Personal information
- Full name: George Joseph Burnham
- Born: 5 November 1878 Nottingham, England
- Died: 7 March 1971 (aged 92) Nottingham, England
- Batting: Right-handed

Domestic team information
- 1912: Derbyshire
- FC debut: 13 May 1912 Derbyshire v Warwickshire
- Last FC: 24 June 1912 Derbyshire v Warwickshire

Career statistics
| Competition | First-class |
| Matches | 5 |
| Runs scored | 30 |
| Batting average | 6.00 |
| 100s/50s | 0/0 |
| Top score | 15 |
| Catches/stumpings | 3/– |
- Source: CricketArchive, February 2011

= George Burnham (cricketer) =

English cricketer

George Joseph Burnham (5 November 1878 – 7 March 1971) was an English cricketer who played first-class cricket for Derbyshire in 1912.

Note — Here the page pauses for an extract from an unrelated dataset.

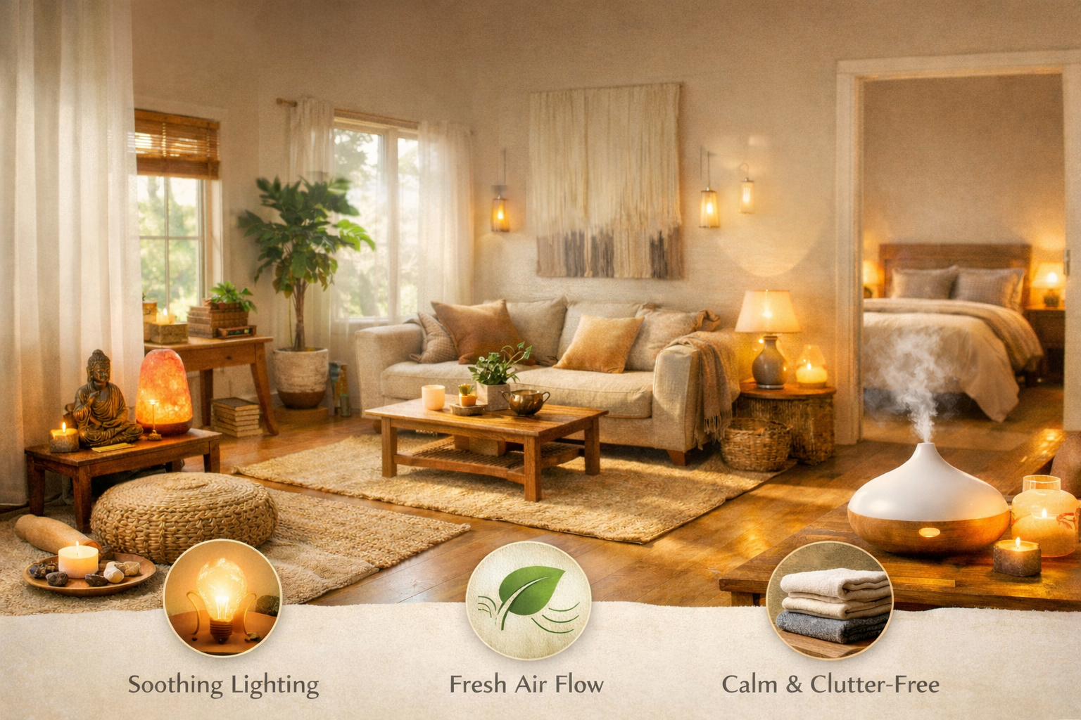 Wellness Renovation Questions, AnsweredA few common concerns come up once you start planning.Q: What are the most effective home renovations to improve natural lighting and how does this benefit mental health? A: Start with what increases daylight without major construction: lighter wall paint, sheer window treatments, and mirrors placed to bounce light deeper into the room. If your budget allows, consider enlarging a window or adding a skylight in a main living area. More consistent daylight can support steadier mood and better sleep rhythms, which helps your nervous system feel less “on alert.” Q: How can better ventilation and air quality upgrades in the home reduce stress and promote physical well-being? A: Replace HVAC filters, clean bathroom fan grilles, and verify every vent is open and unobstructed for an immediate change. For bigger wins, upgrade exhaust fans or add a balanced ventilation system if your home feels stale. Fresh, moving air often means fewer headaches, less grogginess, and calmer breathing during meditation. Q: What design elements create calming, restorative spaces that support emotional healing and spiritual balance? A: Prioritize softness and simplicity: layered warm lighting, natural textures, and a limited color palette that feels grounding. Add noise control with a solid-core door, rugs, and lined curtains, then protect tranquility with closed storage like baskets or cabinets so surfaces stay visually quiet. Q: How can I prioritize and budget home renovations that enhance both physical comfort and mental clarity? A: Choose one “high-relief” outcome first, like sleep support or less sensory clutter, then fund only the steps that serve it. Many beginners do well with a $500 to $5,000 starter range for lighting, paint, storage, and basic air upgrades, then expand later. Seeing that https://www.southalabama.edu/colleges/mcob/news/home-renovation-statistics.html reminds you you are not behind, you are simply choosing a scope that fits your life. Q: If I want to create a dedicated wellness room, how can specialized services help me plan and execute these renovations effectively? A: A designer, contractor, or space planner can translate your intention into a layout, lighting plan, and material list that stays buildable and code-aware. Ask for a phased plan so you can complete the room in calm stages, including sound control and storage. If the project touches water lines, confirm the exact parts you need first, then use a general https://www.supplyhouse.com/Plumbing-Supplies-1000 source to avoid buying mismatched fittings. Small, steady improvements can turn your home into a daily reset ritual. Pick Materials, Light, Air, and Quiet That Soothe YouYour home can act like a nervous-system “container”, either soothing you back to center or keeping you on edge. Use this menu of calming design elements to choose upgrades that fit your budget, your spiritual aesthetic, and your daily routines.

Burnham was born in Nottingham, the son of Jesse Burnham, a millwright, and his wife Hannah. He played his only first-class matches for Derbyshire in the 1912 season. He made his debut against Warwickshire in May 1912 when he was not out for 10 in the second innings. Over the next six weeks, he played four more matches, most of which were abandoned as draws, and that was the limit of his career. Burnham played six innings in five first-class matches with an average of 6.00 and a top score of 15.

Burnam acted as scorer in a few minor counties matches in the 1950s. He died at Nottingham at the age of 82.